Decisão determina pagamento de R$ 15 mil por danos morais a líder religiosa que teve viagem recusada após motorista identificar origem em terreiro
A Justiça da Paraíba condenou a plataforma de transporte Uber a pagar R$ 15 mil por danos morais a uma líder religiosa que teve uma corrida cancelada após o motorista identificar que o local de embarque era um terreiro de candomblé. O episódio ocorreu em 2024, em João Pessoa, e a decisão foi proferida nesta quinta-feira (5).
De acordo com o processo, a passageira solicitou uma corrida pelo aplicativo, mas o motorista cancelou a viagem após identificar o endereço de partida.
Segundo registros anexados ao caso, o condutor teria enviado uma mensagem pelo chat do aplicativo afirmando:
“Sangue de Cristo tem poder… quem vai é outro… tô fora”.
A ação judicial foi movida pela passageira, que alegou ter sofrido discriminação religiosa.

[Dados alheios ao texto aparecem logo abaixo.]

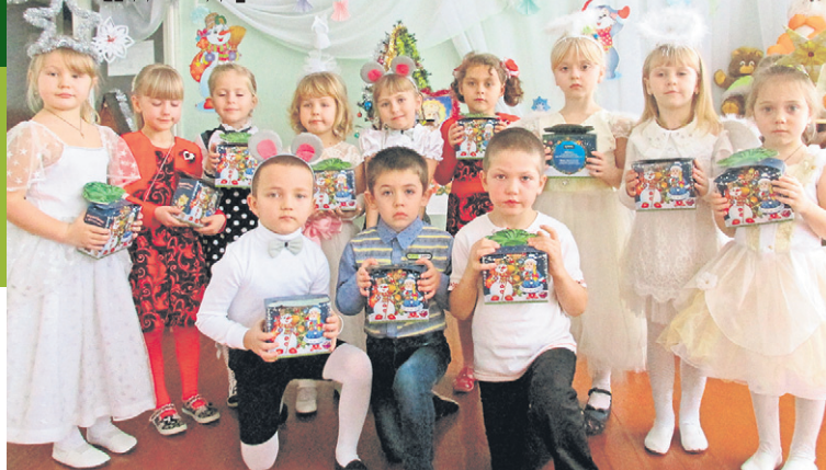
У Петрівський НВК (Красноградський р-н, Харківська обл.) завітали кернелівські Діди Морози з солодкими подарунками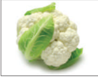
(ج) . القرنبيط . (الزهرة) ..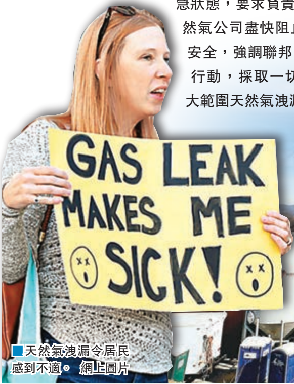
天然氣洩漏令居民感到不適。網上圖片

美國加州洛杉磯西北面的波特牧場住宅區，去年10月底發生天然氣儲存庫地下管道洩漏事故，至今持續2個多月仍未修復，數千名居民被迫搬遷，部分人疑受天然氣成分甲烷影響，出現頭痛及流鼻血等症狀。鑑於事態有惡化跡象，州長布朗前日宣佈當地進入緊急狀態，要求負責管理儲氣庫的南加州天然氣公司盡快阻止洩漏，確保公共健康安全，強調聯邦、州和地方當局需聯手行動，採取一切可行措施，盡快阻止大範圍天然氣洩漏。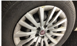
Jant kapağı seti > Çizik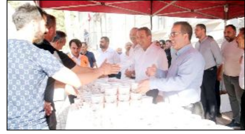
Başkan Dere ve beraberindeki heyet vatandaşa aşure ikram etti.

Yetkililere seslenen vatandaşlar, sokak aydınlatma mağduriyetlerinin bir an önce giderilmesini istediler. (Haber Merkezi)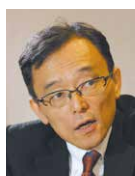
宇川 義一 教授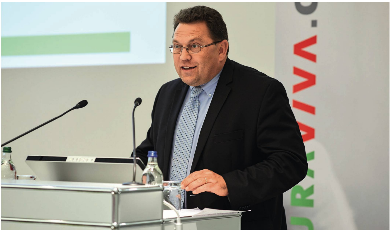
Laurent Wehrli, der frisch gewählte Präsident von Curaviva Schweiz, stellt sich den Delegierten vor. 1965 in Montreux geboren, ist er heute Stadtpräsident von Montreux und seit 2015 Nationalrat (FDP). Seit vielen Jahren beschäftigt er sich mit sozial- und gesundheitspolitischen Themen. Er ist verheiratet und Vater von fünf Kindern.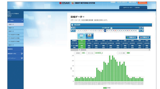
データ比較グラフ (日報)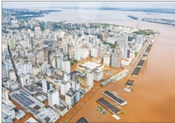
Ricardo Stuckert / PR

O crédito extraordinário também será usado para a reconstrução de parte da infraestrutura rodoviária, para ações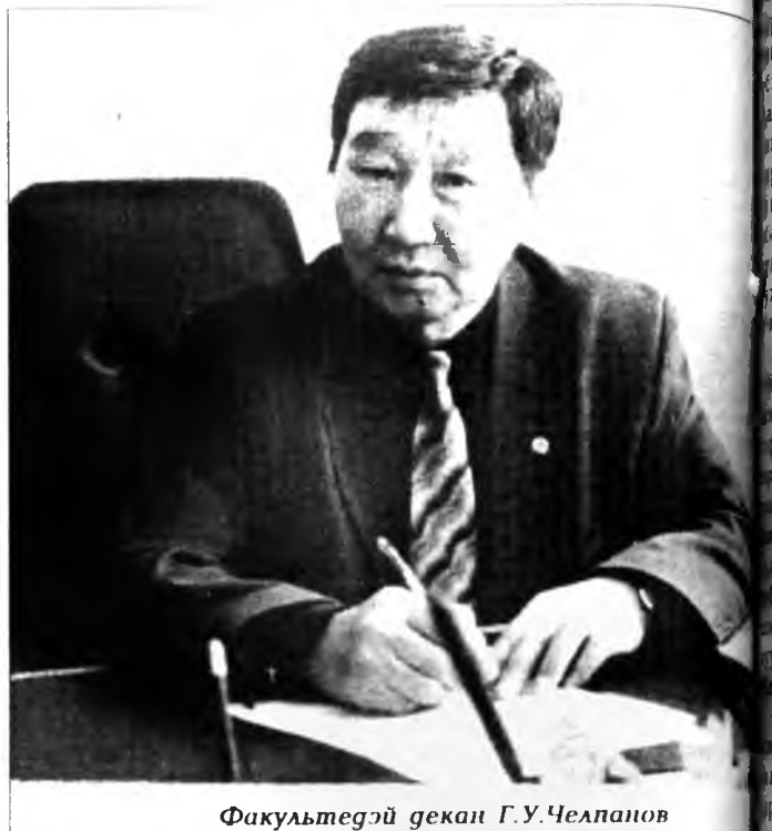
Факультедэй декан Г.У.Челпанов

Энэл жэл түрүүшын 50 агрономууд мэргэжэл шудалжа гараа һэн. Энэ ушараар республикын засаг түрэ түрүүшын мэргэжэлтэдые,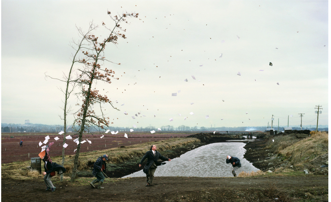
Fotoğraf 4.10: Jeff Wall, A Sudden Gust of Wind (after Hokusai), 1993

9. Wall'un bir başka röprodüksiyon yapıtı ise 1993 yılında ürettiği A Sudden Gust of Wind (after Hokusai) adlı fotoğraftır. Fotoğrafın isminde parantez içinde belirtildiği gibi eser Japon ressam ve özgün baskı sanatçısı Katsushika Hokusai'den öykünerek yaratılmıştır. Wall diğer röprodüksiyon fotoğraflarında daha çok gördüklerini hayal gücü ve entelektüel birikimi ile yorumlamıştır, bu eserinde ise neredeyse bire bir kopyalama söz konusudur. Wall’un verdiği bir röportajda belirttiği gibi aslında o yapmak istediği şeyin yapma özgürlüğüyle kuşatılmış ve çalışmayı ortaya koymuştur.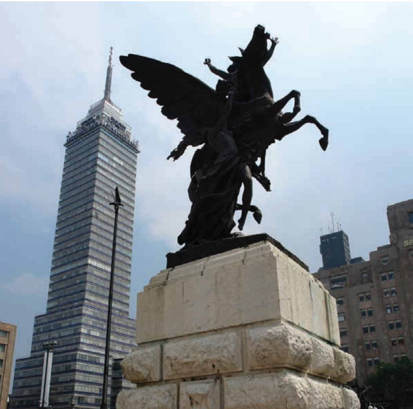
Explanada del Palacio de Bellas Artes. Al fondo, la Torre Latinoamericana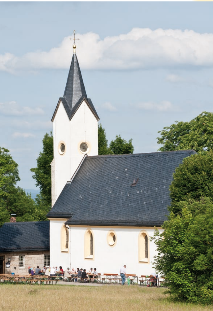
Schweißtreibend, aber lohnend: der Fußmarsch von Staffelstein oder Löffeld zum „heiligen Berg der Franken“.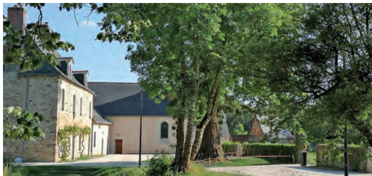
Clos du presbytère réaménagé à Saint-Jean-de-Linières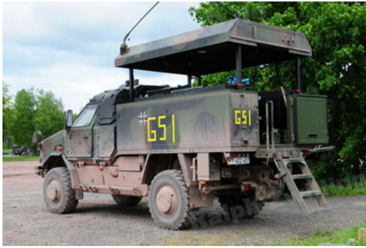
Dingo 2 GE C1 GSI (61).JPG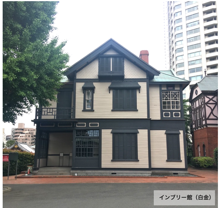
インプリー館 (白金)

そんな状態から立ち直るきっかけをくれたのは、子どもの頃から教会へ一緒に行っていた友人の見舞いでした。ある日、その友人が一人でふらっと病室を訪れ、聖書や教会の話ではなく何気ない日常会話をして帰って行きました。でもその会話の中から、他者のため十字架にかかり自らの命をささげたイエスのことが思い起こされたのです。「俺のこんな気持ち誰もわかってくれない」「神なんて本当にいるのか？」怪我の苦しみを自分本位に捉え、暗く閉ざしていた私の心の中でイエスという存在が光を放ちました。友人が去って一人になった時、涙が溢れてきましたが、それは「こんな自分でも生きている意味がある」ということに気付かされた喜びの涙でした。そして、その時から今の自分に出来ることは何かを考えるようになりました。私はどん底を味わいましたが、この経験を通して本当の光、絶対に消えることのない希望の光を持つことが出来ました。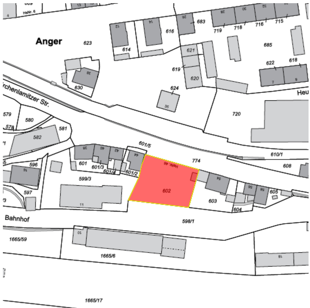
Flurkarte © LVG Bayern, Nr. 5576/ 08 - Lageplan: kein Maßstab

Bezeichnung: Kirchenlamitzer Str. 46 Flur-Nummer: 602, Gemarkung Münchberg Größe: ca. 900 m 2 (muss noch vermessen werden) Bebaubarkeit: Baugrundstück für Einzelhaus Kaufpreis: ca. 60,-€/m 2 Nähere Informationen unter: Stadtbauamt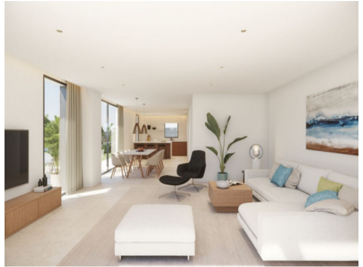
Alternative Ansicht des Wohnbereichs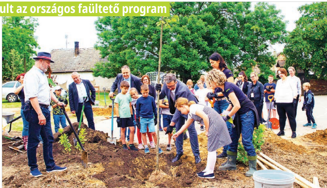
A gyerekek is közreműködtek a faültetésnél

A klímaváltozás elleni küzdelem egyik eszköze a faültetés. A fák, cserjék a levegő szén-dioxidjának megkötése és az oxigéntermelés mellett árnyékot nyújtanak, javítják a levegő minőségét, elvezetik a csapadékot, védik a talajt, megfogják a port és számos állatnak biztosítanak élőhelyet. Mindezen jótékony hatások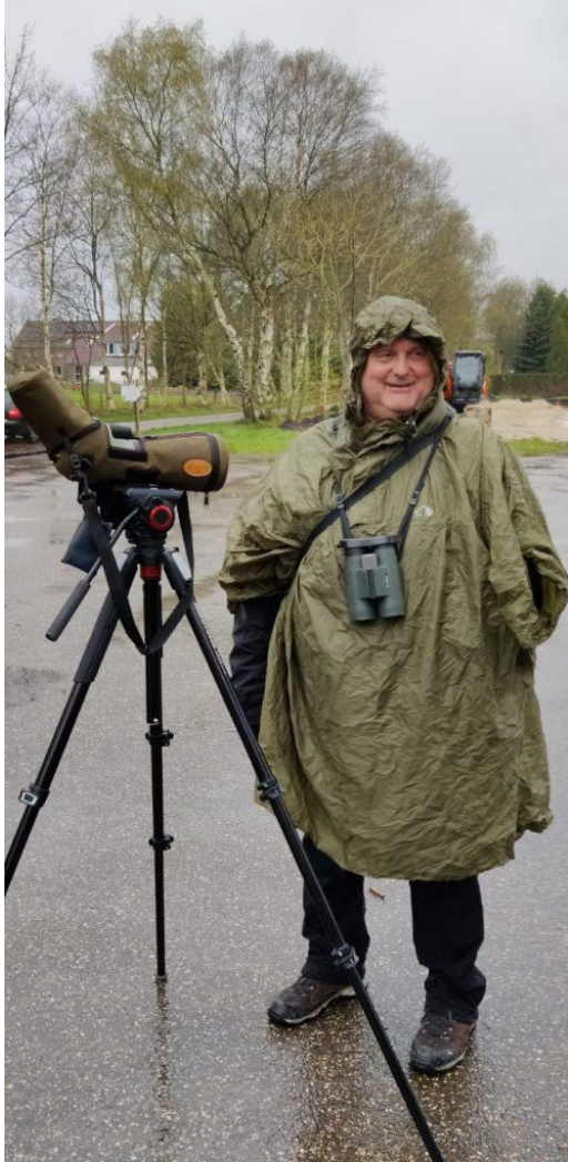
Manche können alles tragen!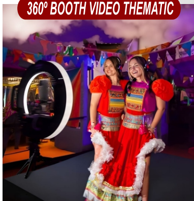
360° BOOTH VIDEO THEMATIC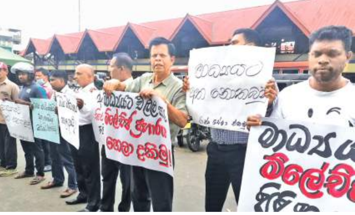
கொழும்பில் ஊடகவியலாளர்கள் தாக்கப்பட்டமை தொடர்பில் பலத்த கண்டனத்தை தெரிவிக்கும் முகமாக பதுளை மாவட்ட ஊடகவியலாளர்கள், சமூக செயற்பாட்டாளர்கள் ஆகியோர் கிணைந்து நேற்றுமுன்தினம் பதுளை பஸ் நிலையத்திற்கு முன்பாக பாரிய ஆர்ப்பாட்டொன்றில் ஈடுபட்டனர்.

பசறை நடு ஊருக்கு பிரதான வீதியில் நேற்று காலை இடம் பெற்ற பஸ்விபத்தில் ஒருவர் படுகாயமடைந்துள்ளார். பதுளை நோக்கி சென்று கொண்டிருந்த ஜீப் வண்டியொன்று கோணக்கலை புறூல்வத்தை பாடசாலைக்கு அருகிலுள்ள பாலத்திலிருந்து பள்ளத்தில் வீழ்ந்து விபத்துக்குள்ளானது. இதன்போது வாகன சாரதி படுகாயமடைந்துள்ளதோடு அயலவர்களின் உதவியுடன் மீட்கப்பட்டு பசறை பொது வைத்தியசாலையில் அனுமதிக்கப்பட்டதன் பின்னர் மேலதிக சிகிச்சைகளுக்காக பதுளை மாவட்ட வைத்தியசாலைக்கு அனுப்பி வைக்கப்பட்டுள்ளார். இவ்விபத்து தொடர்பாக மேலதிக விசாரணைகளை பசறை பொலிஸார் மேற்கொண்டு வருகின்றனர்.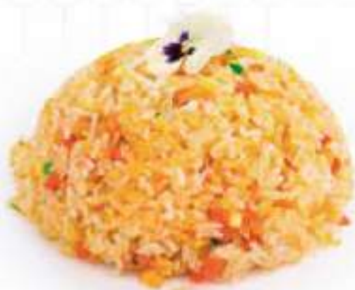
250 | YASAI MESHI 🌱 riso saltato con uova e verdure €6.00 🌱

O pedido de indenização foi inicialmente negado em primeira instância, mas a decisão foi revertida após recurso apresentado pela autora do processo.
Responsabilidade da plataforma
Na decisão, o juiz José Ferreira Ramos Júnior, relator do caso, afirmou que a empresa deve responder pela conduta do motorista por exercer atividade econômica que envolve a prestação de transporte por meio da plataforma.
Segundo o magistrado, a empresa assume os riscos relacionados à atividade e, por isso, possui responsabilidade solidária pelos atos praticados pelos condutores cadastrados.
O relator destacou que o episódio ultrapassou um simples cancelamento de corrida e caracterizou um ato de intolerância religiosa.
Fundamentação da decisão
Na decisão, o magistrado também apontou que episódios desse tipo reforçam uma histórica discriminação contra religiões de matriz africana.
O entendimento foi acompanhado pelo juiz Antônio Silveira Neto, que votou pela condenação.
Segundo o voto, práticas discriminatórias contribuem para a manutenção de estereótipos e para a exclusão social de praticantes dessas religiões.
Posicionamento da empresa
Em nota, a Uber afirmou que mantém compromisso com o respeito, a igualdade e a inclusão entre usuários da plataforma.
A empresa informou que promove ações de conscientização entre motoristas parceiros sobre racismo e discriminação, incluindo conteúdos educativos e programas informativos voltados ao tema.
Casos semelhantes
Segundo a reportagem, decisões judiciais envolvendo cancelamento de corridas por motivos religiosos já ocorreram em outros estados.
Em 2025, a Justiça do Paraná analisou um caso semelhante em que uma corrida teria sido recusada após a passageira sair de um terreiro de umbanda.